Correspondents
The NPDL is accepting applications for correspondents! While engaging with the parliamentary debate community on a national level, correspondents will build skills as leaders, educators, and advocates and support the NPDL's most critical projects, including the Tournament of Champions, curricular resources, and historical documentation of parliamentary debate.
2023-24 Program Goals
Support NPDL’s broader mission of developing a supportive and inclusive culture, maintaining historical records, and disseminating information and resources that lower participation barriers in the parliamentary debate community
Decentralize the most labor intensive portions of TOC logistics (points entry)
Develop a cohort of experienced correspondents to potentially expand into editorial and supervisory roles for upperclassmen in 2024-25.
APPLY HERE
Applications will be accepted on a rolling basis. The first-round deadline is September 1. Correspondents may apply to one or more correspondent areas.
General Responsibilities
Behavior
Students who are not in good standing with their schools are not permitted to participate in the correspondents program.
Communication
Correspondents must:
Attend at least one Zoom check-in meeting every 4-6 weeks with students working on comparable projects
Submit a monthly progress report.
Respond to Slack inquiries within 48 hours.
Data
Correspondents will:
Learn to implement Article XXI: Rankings
Learn to use the Points Calculator
Record the points for each assigned tournament within 14 days from the conclusions of the tournament (minimum 1/month)
Record the resolutions for each assigned tournament by the second progress report following the date of assignment. (minimum 1/month)
Project Areas
Advanced Data
Advanced Data correspondents will take on an additional monthly points and resolution assignment if needed as well as pursuing a long-term project in data collection, transformation, or and/or analysis. Potential projects include:
managing and annotating NPDL recordings
refining existing databases, tagging systems or collection methods
creating new datasets via surveys
analysis of public resources
transformation of existing datasets
Curriculum
A curriculum correspondent is responsible for writing and editing debate curriculum, reviewing long-term curriculum goals, and informing the board about student curriculum resource needs. Expectations include writing or editing one mini module or practice plan per month OR development of two complete reference modules per year.
Mini modules or practice plans should include materials around a cohesive theme that fill 1-2 hours and can include:
Specific topic area information
Theory of argumentation and debate strategy
Discussion questions
Drills or activities
Materials such as sample slides, style guides, or worksheets
Suggestions for substitutions depending on ability level
Curriculum in this category should include information about the intended audience, approximate lesson timelines, suggestions for instructors to check for understanding, and explicit learning outcomes.
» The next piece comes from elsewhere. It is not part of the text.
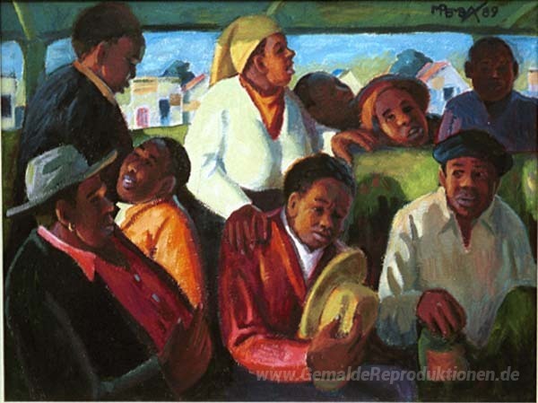 Wir bieten Ihnen eine handgefertigte Reproduktion auf Leinwand des berühmten Kunstwerks 'Überlast' von George Pemba, aus dem Reproduktionsmuseum.

Reference modules are intended to provide a deep dive into a broad area of debate, such as team administration, culture building, casebuilding and argumentation, debate theory, philosophical models, research methods, middle school program development, or common parli topic areas, contextualized through descriptions, examples, case studies, etc. Reference modules should be clear about prerequisites needed to understand them. You can conceptualize these as textbook chapters.
Media
A media correspondent helps create material for league social media accounts. We are looking for people who have basic experience with engaging short-form writing, graphic design and/or video creation. Generally, a media correspondent will be expected to create 2-4 social media posts per month.
Media topics may include:
Congratulations to top placers at recent events or autoqualifiers, in collaboration with data correspondents
Highlights of published articles, in collaboration with reporting correspondents
Short summaries of board meetings and NPDL newsletters
Announcements, including upcoming NPDL events, curriculum releases, NPDL policy changes, or calls for volunteers not otherwise highlighted in newsletters
Student, community member, team, or alumni spotlights
Reporting
Reporting correspondents investigate and disseminate knowledge on topics relevant to the parli community. A reporting correspondent should expect to write at least two articles during the season.
Potential topics include:
how to implement a particular debate strategy
history of parli in a particular region or of a particular kind of argument
an exploration of how resolutions are drafted
current events in parli
an in-depth interview with a coach or current or former competitor
a spotlight on a team or community project
a research project gathering parli-related statistics
a nuanced criticism of a particular community practice
Deadlines:
Article topics must be finalized by the end of October.
A plan of action (a list of people to interview, a list of data sources, etc.) must also be drafted by Nov 15
Rough drafts must be submitted by the end of December for the first article.
Final drafts must be submitted by the end of January for the first article.
Rough drafts should be submitted by the end of February for the second article.
Final drafts should be submitted by March 15 for the second article.